The Palaeoartist’s Handbook by Mark Witton

I am not an artist.

I wish I were.

Books such as these feed my frustration level immensely – and increase my appreciation for both the ability and techniques of those who produce such art, and the research and development which goes into creating it.

Not an ‘art book’ alone, the Handbook (while it describes some purely artistic techniques) concentrates more on the how and why of developing paleoart. Historically, palaeoart has attracted some remarkable artists, and as theories and discoveries have been made it is unfortunate that many have been left behind in the shifting sands of accuracy. Unfortunate, but important in their own way, if for no other reason that to illustrate (yes, pun) the difficulties of a demanding and rewarding field.

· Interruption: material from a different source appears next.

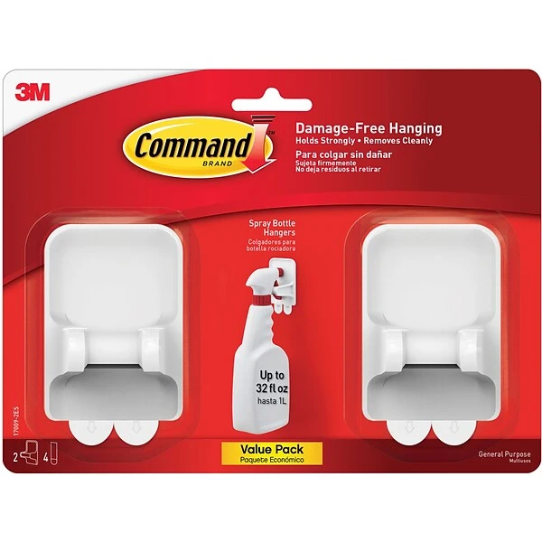 Meet an easy way to organize spray bottles. The Command™ Spray Bottle Hanger is great for neatly storing your spray bottles out of sight, but within reach. Simple to install – no tools required and no damage to your cabinet doors or walls. Using revolutionary Command™ Adhesive, Command™ products hold strongly on a variety of surfaces, including paint, wood, tile and more. Removes cleanly – no holes or sticky residue. Reusing our spray bottle holder is easy; simply apply a new Command™ Refill Strip, and use it again and again. Holds bottles up to 32 fluid ounces (or up to 2.5 pounds).

Most of the book, though, deals with the practicalities. How to recreate a creature long gone from its skeleton – and deal with missing features with intelligent and informed guesswork. Using non-skeletal evidence such as trackways which hint as more details, and how to extrapolate final appearance when muscles and bulk are added. I found the section on how underlying bone can indicate skin type (crocodile snout, for example, has a rough texture linked to its ‘cracked skin/scale’ facial covering). In fact, this book contains a lot of interesting bits I’d like to have read more detail about.

Rather than go over ‘how to paint a leaf’, it delves into how to give the feeling of being there. How to hint at a likely setting using plant fossils and climatology, how to give a feeling of scale, how to select likely colouring, and extrapolation of likely behaviours.

aIt is a very good, general, introduction to paleoart which, I think, can only help give a greater understanding of how much work goes into it before pencil is lad to paper – or computer is turned on, for those working digitally.

The problem with this book is that it could easily have covered everything in more depth (plants? insects? fish? general wierdies?), at which point it would have become a) unaffordable and b) required a heavy lifting warning . . . but I don’t regret its purchase for an instant.


1 thought on “The Palaeoartist’s Handbook by Mark Witton”

  1. I would now like to read this from the scientific point of view- I don’t even bother to wish I could ‘art any more! . Great review.